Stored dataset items
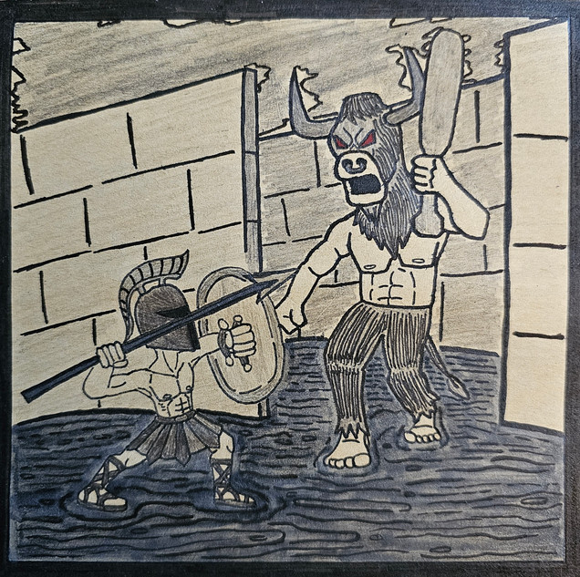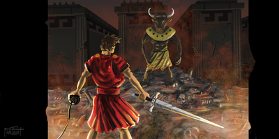 In the scene of this illustration Theseus first meets the Minotaur in his domain.
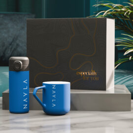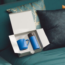 Perfekt für alle Arten von Abenteuern – der personalisierbare Thermobecher Vega in Kombination mit dem beeindruckenden Porzellanbecher Impress. Das Set ist in einer umweltfreundlichen Snowy-Verpackung verpackt und mit einer eleganten, personalisierten Banderole versehen. THE PRESENTED DECORATION IS FOR ILLUSTRATION PURPOSES ONLY AND IS NOT INCLUDED IN THE PRODUCT PRICE. THE SET IS AVAILABLE IN DEDICATEDSNOWY PACKAGING WITH A SELECTED DECORATION OPTION.
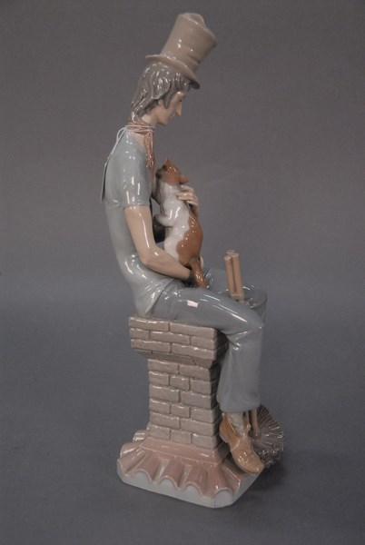Lladro figure Chimney Sweep with Cat. ht. 17in.
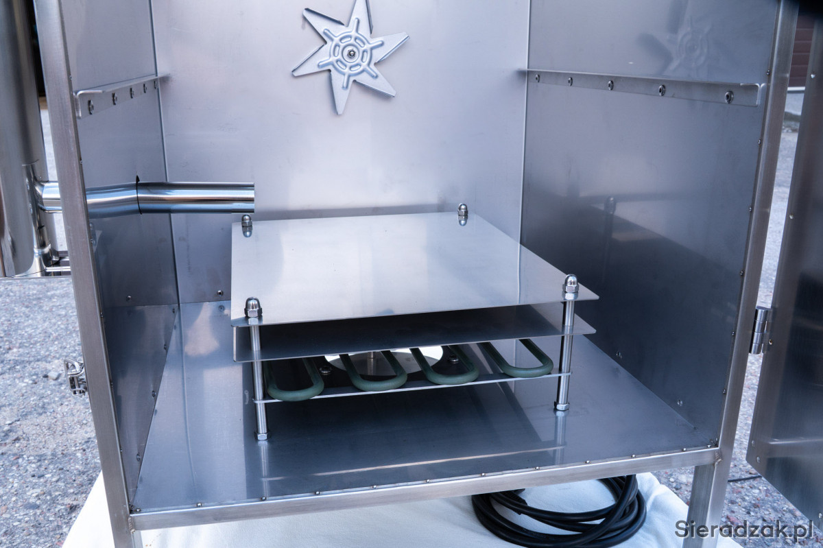 Wędzarnia została w całości wykonana z wysokogatunkowej stali nierdzewnej, co gwarantuje trwałość, odporność na korozję i łatwość utrzymania w czystości. Dodatkowo komora została zaizolowana matą kauczukową, co skutecznie ogranicza straty ciepła i pozwala na jeszcze lepszą kontrolę temperatury podczas całego procesu wędzenia.
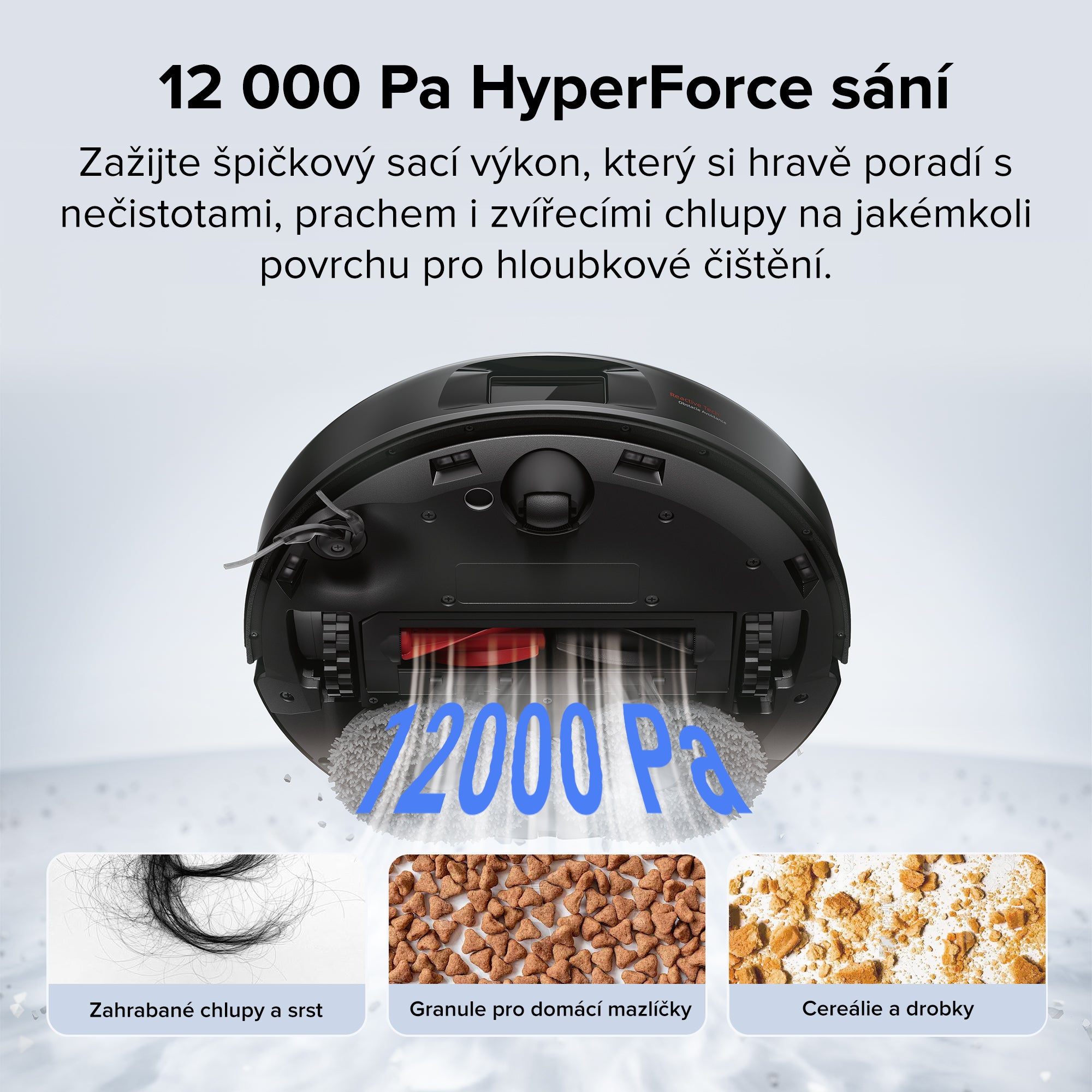 Působivý sací výkon 12 000 Pa* je navržen tak, aby odstranil vlasy a nečistoty ve štěrbinách podlahy a hluboko v kobercích. Při maximálním sání se otáčky jeho hlavního kartáče zvýší o 10 %, což zajišťuje optimální účinnost odstraňování prachu.
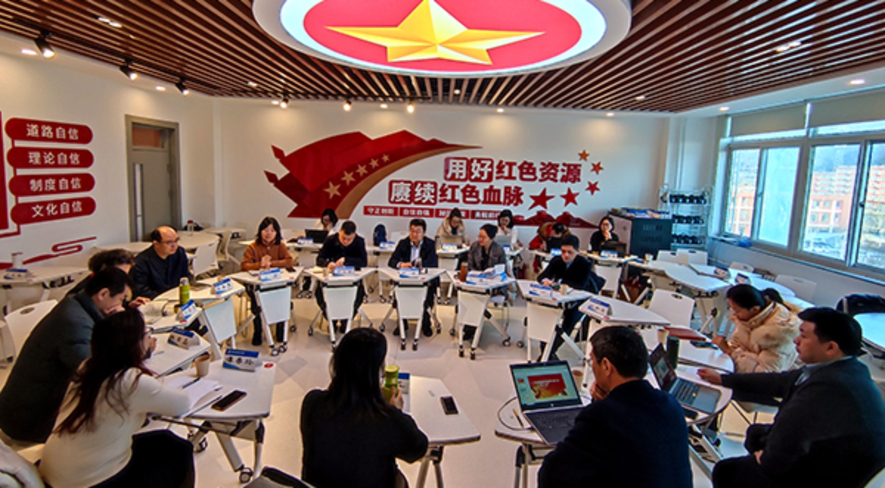 馬院副院長匯報馬院教學工作,三位教研室主任匯報教研室建設工作,各位思政課教師匯報了個人教學科研等工作。
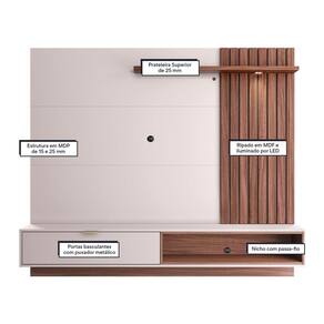 O destaque do Painel Tocantins está no elegante ripado lateral, composto por prateleira e iluminação de LED. Além de seu design charmoso, o painel é altamente funcional, oferecendo capacidade para TVs de até 65 polegadas fixadas com segurança. Completa o conjunto uma porta basculante, adicionando um toque de refinamento ao ambiente. O Painel Tocantins não apenas embeleza sua sala, mas também proporciona praticidade e estilo no seu dia a dia.
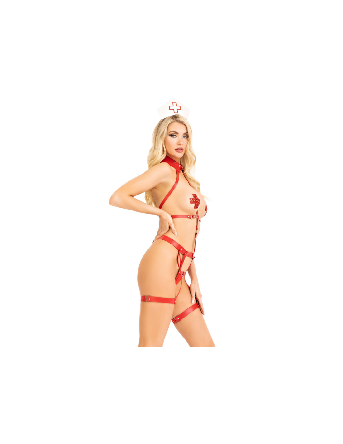 LEG AVENUE - HARNESS & HEADBAND NURSE RED S, D-238659
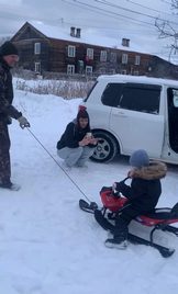 Так как лично Дмитрий Вадимович приехать не смог, снегокат привезли вчера его сотрудники и попросили спрятать до сегодняшнего дня. Министр хотел вручить его сам, хоть и онлайн. И вот он, тот самый долгожданный момент. «Большое спасибо за сбывшуюся мечту!?»

*Task*: Pictures in the entries do not go into the copy. Print only the lines starting at the one containing "馬院副院長匯報馬院教學工作,三位教研室主" and ending at the one containing "LEG AVENUE - HARNESS", exactly as they appear.

*Completed task*:
 馬院副院長匯報馬院教學工作,三位教研室主任匯報教研室建設工作,各位思政課教師匯報了個人教學科研等工作。
 O destaque do Painel Tocantins está no elegante ripado lateral, composto por prateleira e iluminação de LED. Além de seu design charmoso, o painel é altamente funcional, oferecendo capacidade para TVs de até 65 polegadas fixadas com segurança. Completa o conjunto uma porta basculante, adicionando um toque de refinamento ao ambiente. O Painel Tocantins não apenas embeleza sua sala, mas também proporciona praticidade e estilo no seu dia a dia.
 LEG AVENUE - HARNESS & HEADBAND NURSE RED S, D-238659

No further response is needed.